I not only don’t understand why it wouldn’t get above 120*, but also wonder why it  caught fire.

You say that the catching on fire was your fault. Is that normal or something that would be expected?


----------



## tmartin89 (May 6, 2019)

SlowmotionQue said:


> I not only don’t understand why it wouldn’t get above 120*, but also wonder why it  caught fire.
> 
> Is that normal?



When you first turn the Traeger on it will dump pellets in to the fire pot. So I had a lot of pellets in there then when I turned it back on it dumped more pellets in. My fire pot was overflowing with pellets.


----------



## johnmeyer (May 6, 2019)

I don't own a Traeger, but I worked on one and have posted before about what I found while troubleshooting my neighbor's problem.

In a nutshell, under various circumstances, you can "flood" the fire pot. I use the word "flood" because what happens is a little like flooding an engine where you get so much fuel in the carburetor and fuel system that there isn't enough air to make the fuel ignite. The same thing happens when the fire pot in the Traeger fills to overflowing. The pellets don't get enough air and so they just smoulder. In some cases you get unbelievable amounts of smoke (you can't even see the smoker through all the smoke). Whether that happens or not, the key thing is that the pellets are no longer burning, but are simply smouldering and, as a result, you get very little heat, and your temperature will drop way down.

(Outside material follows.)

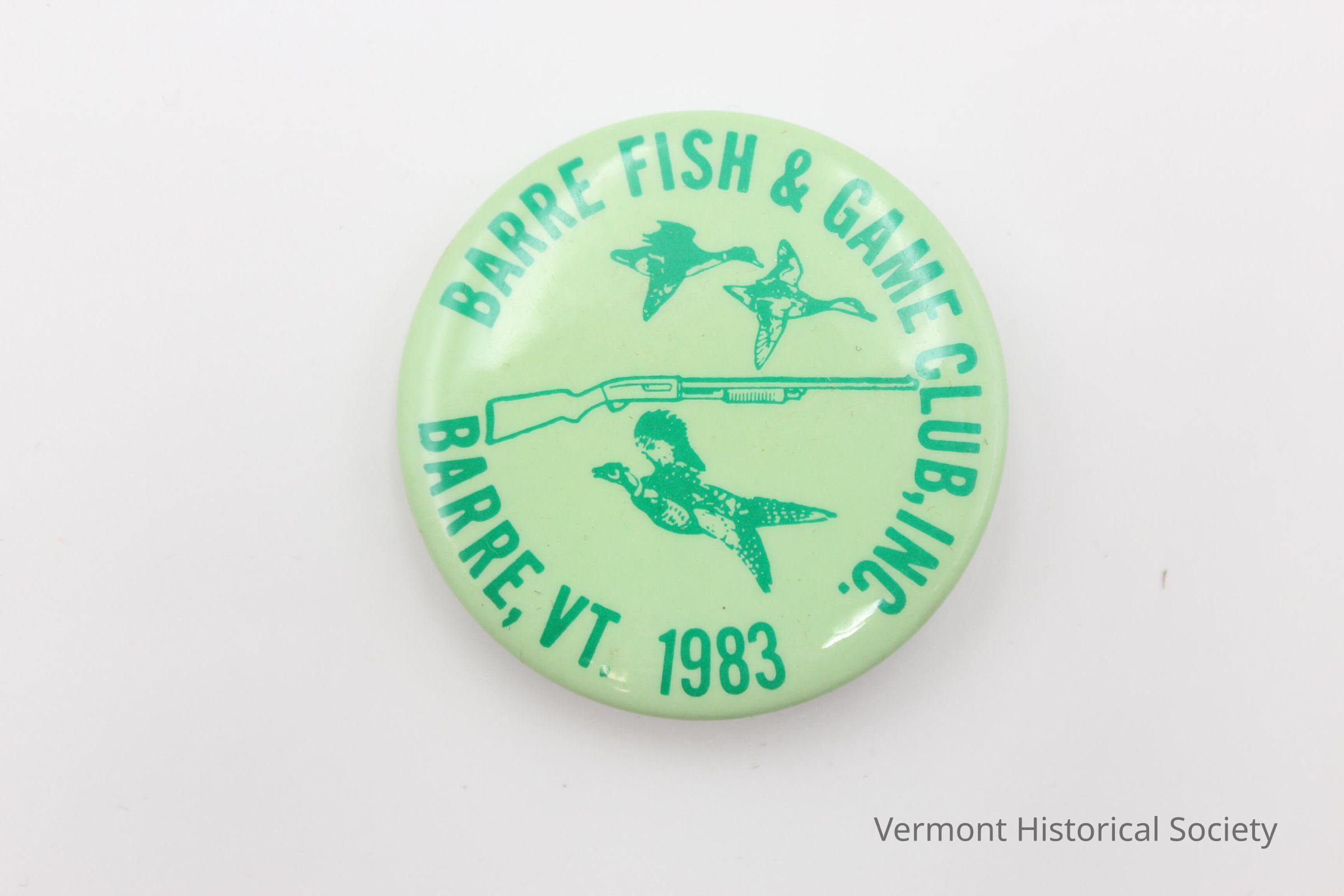 Round, light green metal button with dark green printing. The inscription "BARRE FISH & GAME CLUB, INC./BARRE, VT. 1983" circles around the edge with an illustration of three ducks in flight and a hunting rifle.

The only way to fix the problem is to turn everything off, wait a little bit for the smoke to clear, and then carefull clean out the pot and properly dispose of the hot embers. When you start it up again, everything should be fine.


----------



## RCAlan (May 6, 2019)

tmartin89 said:


> I get why it went on fire, that was my fault. I just have no idea why it would be right at 180 for 3 hours perfectly then when I turned it up to 225 it wouldn't get above 120.

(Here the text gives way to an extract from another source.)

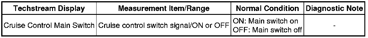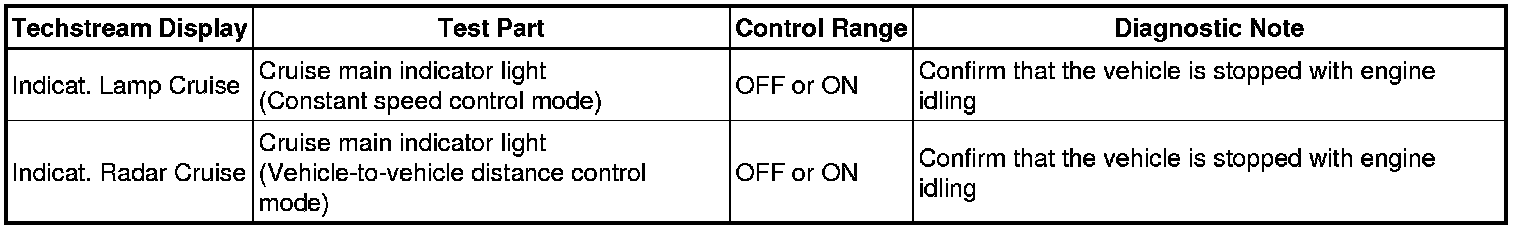 (e) Check the Data List for proper functioning of the cruise main indicator light.

What Traeger Grill do You have and does it have P-Settings?

PB Austin XL in SoCal and Always...  Semper Fi


----------



## tmartin89 (May 6, 2019)

johnmeyer said:


> I don't own a Traeger, but I worked on one and have posted before about what I found while troubleshooting my neighbor's problem.
> 
> In a nutshell, under various circumstances, you can "flood" the fire pot. I use the word "flood" because what happens is a little like flooding an engine where you get so much fuel in the carburetor and fuel system that there isn't enough air to make the fuel ignite. The same thing happens when the fire pot in the Traeger fills to overflowing. The pellets don't get enough air and so they just smoulder. In some cases you get unbelievable amounts of smoke (you can't even see the smoker through all the smoke). Whether that happens or not, the key thing is that the pellets are no longer burning, but are simply smouldering and, as a result, you get very little heat, and your temperature will drop way down.
> 
> The only way to fix the problem is to turn everything off, wait a little bit for the smoke to clear, and then carefull clean out the pot and properly dispose of the hot embers. When you start it up again, everything should be fine.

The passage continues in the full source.